KONTAN.CO.ID - JAKARTA. Nilai tukar rupiah terhadap dolar Amerika Serikat (AS) tengah berada dalam tren penguatan. Berdasarkan data
Bloomberg, sejak awal tahun sampai dengan Jumat (28/4), rupiah sudah menguat 5,77% ke level Rp 14.674 per dolar AS, dari Rp 15.573 per dolar AS. Di tengah penguatan kurs rupiah ini, ada sektor-sektor bisnis yang diuntungkan dan juga dirugikan.

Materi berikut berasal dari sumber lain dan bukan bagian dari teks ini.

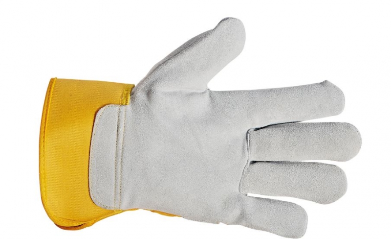 Kombinovaná rukavice z hovězí štípenky a bavlněné tkaniny. Pevná manžeta o délce 7 cm.

Head of Research Jasa Utama Capital Sekuritas Cheril Tanuwijaya mengatakan, emiten yang mendulang keuntungan berkat penguatan rupiah merupakan perusahaan yang bahan baku produksinya dominan impor.
Contohnya adalah emiten farmasi, konstruksi, dan otomotif. Penguatan rupiah akan menurunkan beban biaya atau kerugian kurs nilai tukar terhadap mata uang lain. Selain itu, penguatan rupiah juga menguntungkan bagi para emiten yang mempunyai porsi utang dalam dolar AS yang besar. Pasalnya, hal ini membuat nominal utang beserta bunganya tidak akan terlalu membengkak.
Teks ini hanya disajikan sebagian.